Through its deputy vice-chancellor for research, Professor Kevin Warwick, Coventry University is continuing work in one of code-breaker and mathematician Alan Turing's pioneering experiments – The Turing Test.
The test was devised by Turing, who is considered the father of modern computer science, while he was working at Manchester University. This experiment defines the standard for a machine to be called intelligent, by investigating whether people can tell if they are talking to machines or humans.
This was one of Turing's key contributions to computer science throughout his career, which is celebrated in the new film The Imitation Game. The film follows the life of Turing, his pivotal role in cracking Nazi Germany's Enigma code during the Second World War, and his life and persecution post-war leading to his untimely death. The UK premiere is tonight (Wednesday 8th October) at the London Film Festival.

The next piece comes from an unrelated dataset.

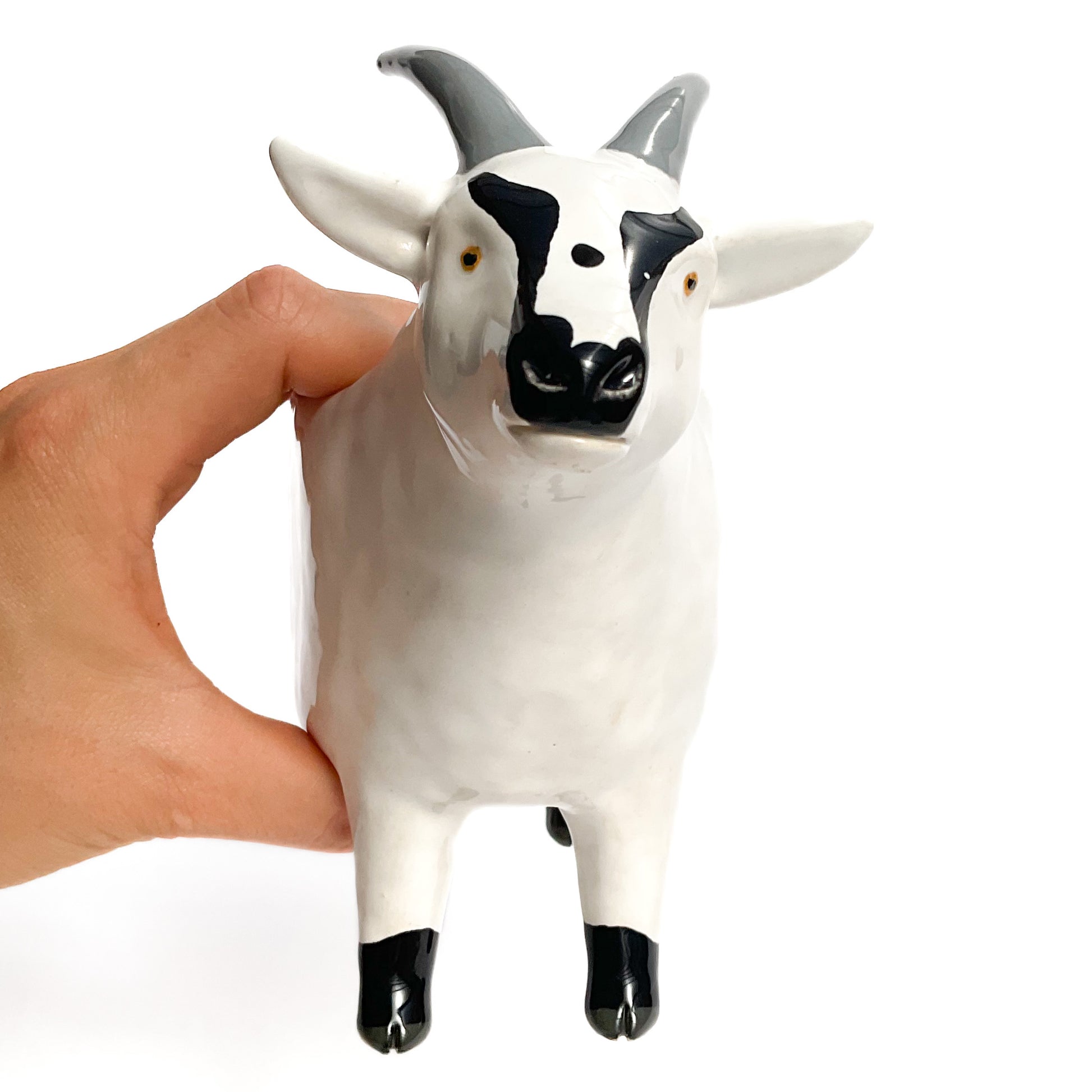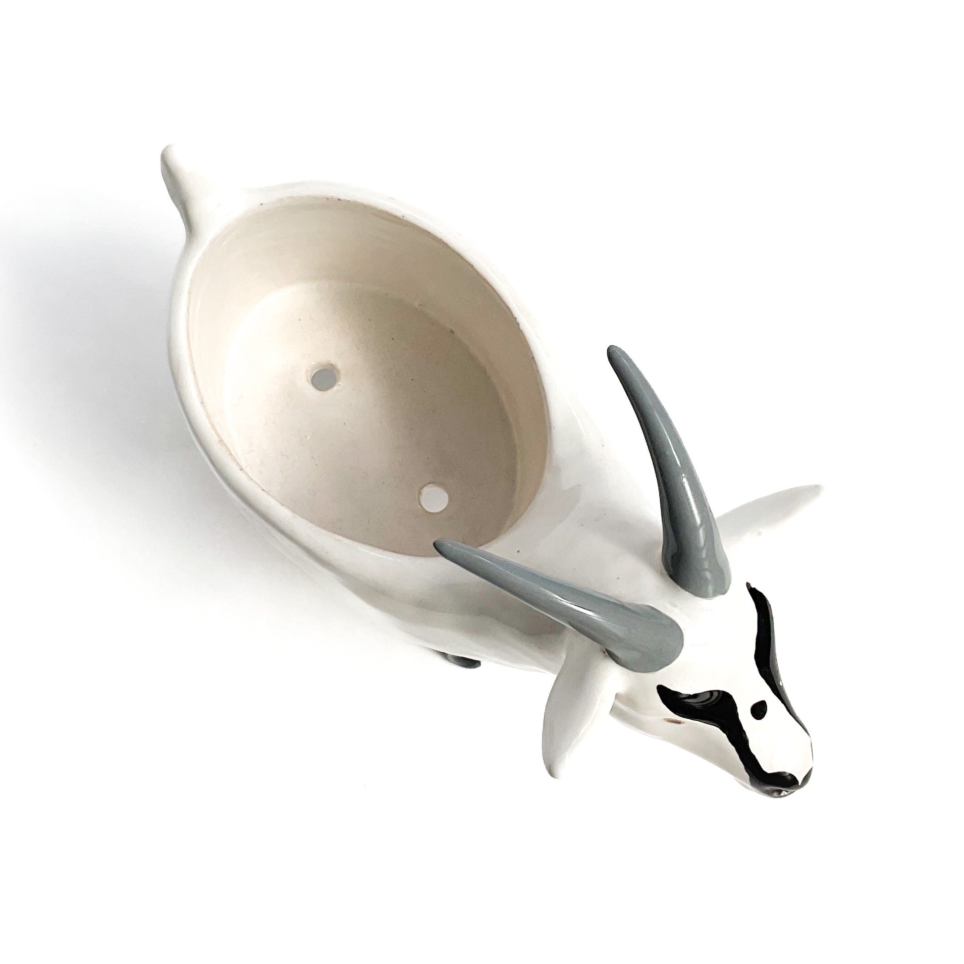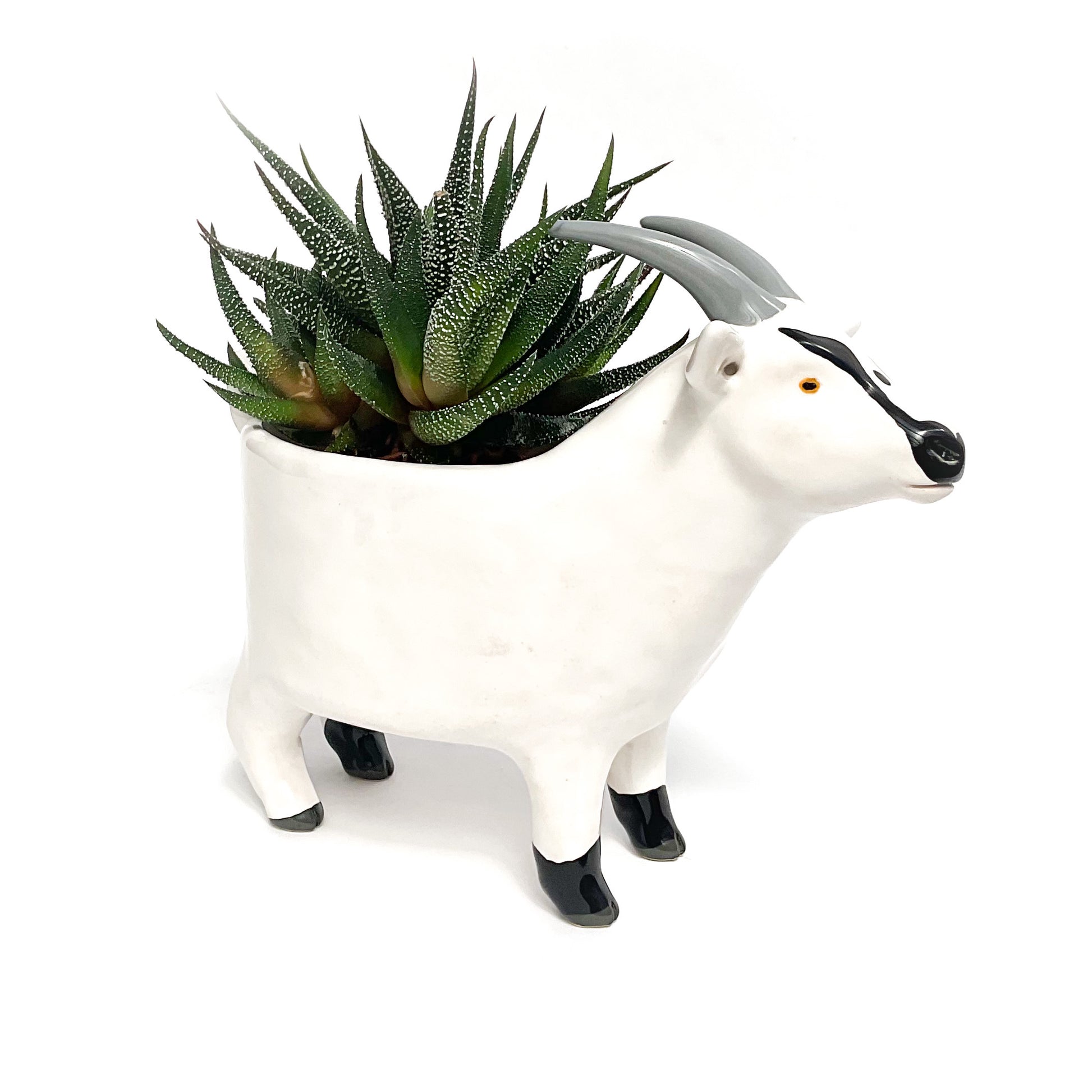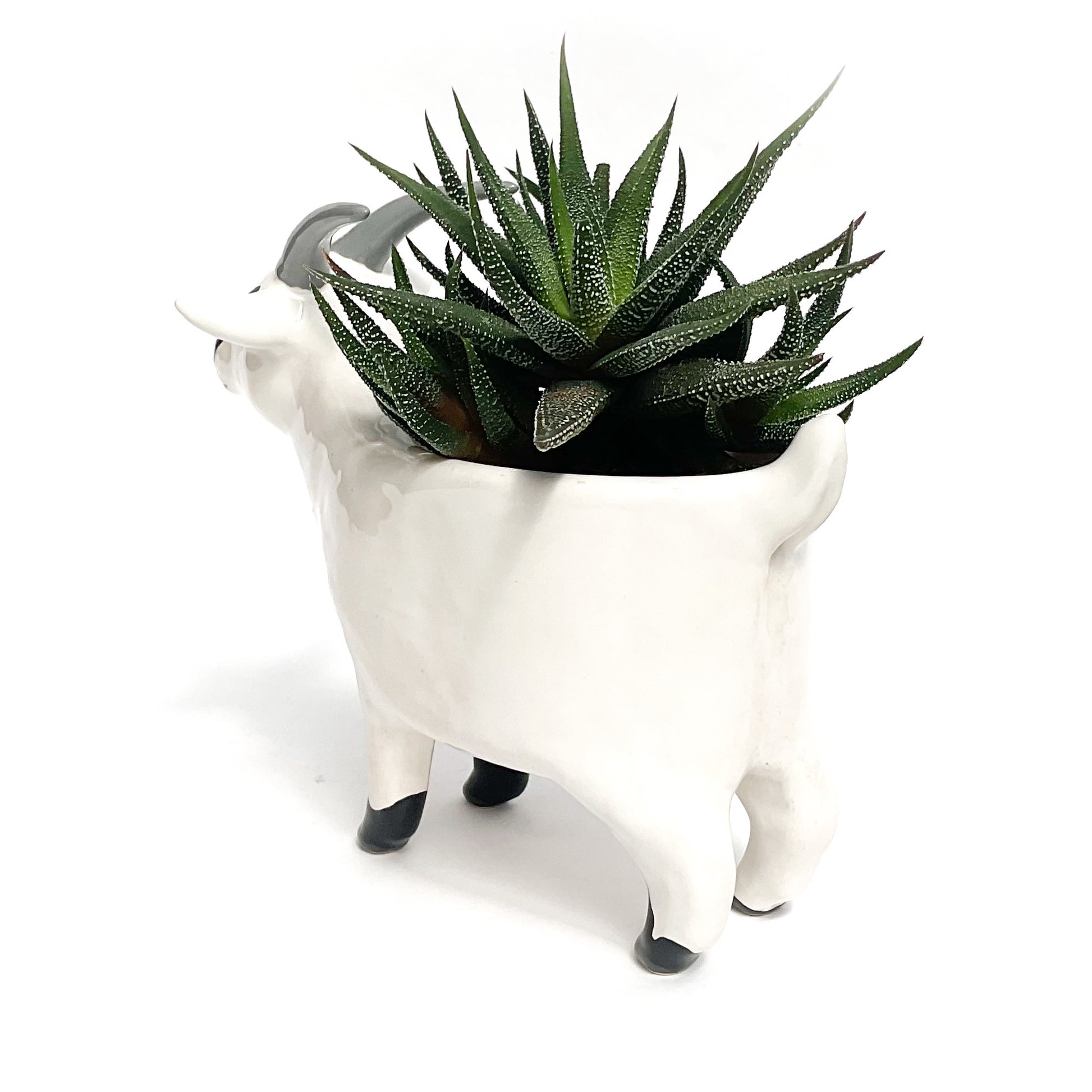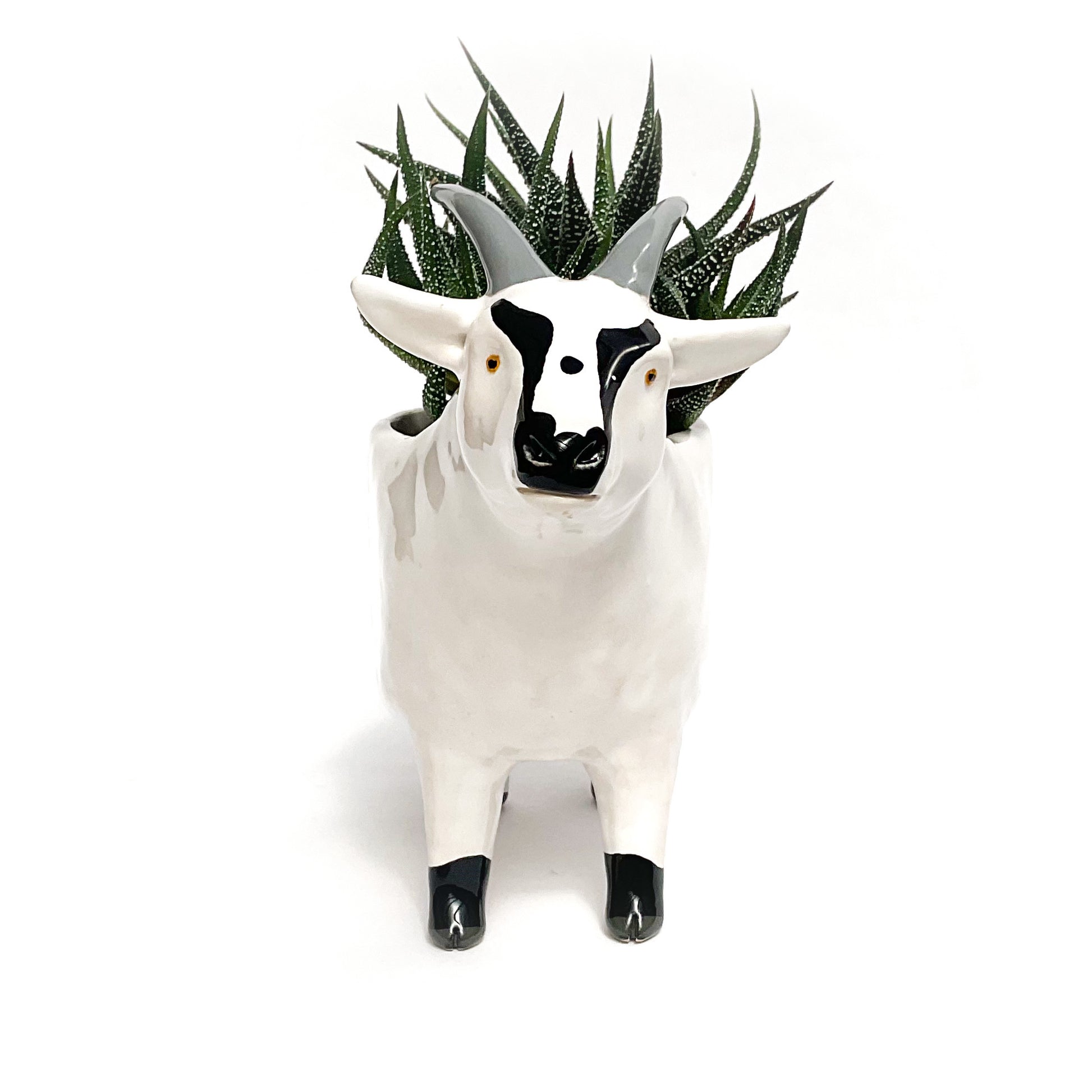 A little ceramic pygmy goat planter to pot up your favorite succulent.

Shortly before his death, Turing predicted that machines would be able to pass his test. Coventry University's Professor Warwick has been involved in conducting Turing tests for over a decade, and in an event organised by Warwick and Cogent Computing's Dr. Huma Shah in June 2014, the test was passed for the first time by computer programme Eugene Goostman. Eugene achieved 33% incorrect identification by the human judges who were either unsure or classified it as a human during a series of five minute keyboard conversations (the threshold for passing is to convince 30% of judges).
The work that Warwick and Shah are carrying out in this area is more important than ever today, because if a computer can trick a human into believing they are someone else it has implications for various types of cybercrime such as fraud. Cybercrime was identified as a 'Tier 1' threat in the UK's National Security Strategy, and the Turing Test can help to combat this by furthering our understanding of how artificial dialogue influences human behaviour.
Professor Kevin Warwick said:
The Turing Test is one of the most important yet controversial milestones in the field of artificial intelligence, and Coventry University is critically involved with its practical assessment. This will have a dramatic impact on future communication not only where computers are involved but in all aspects of cyber-crime where identity and deception are key elements.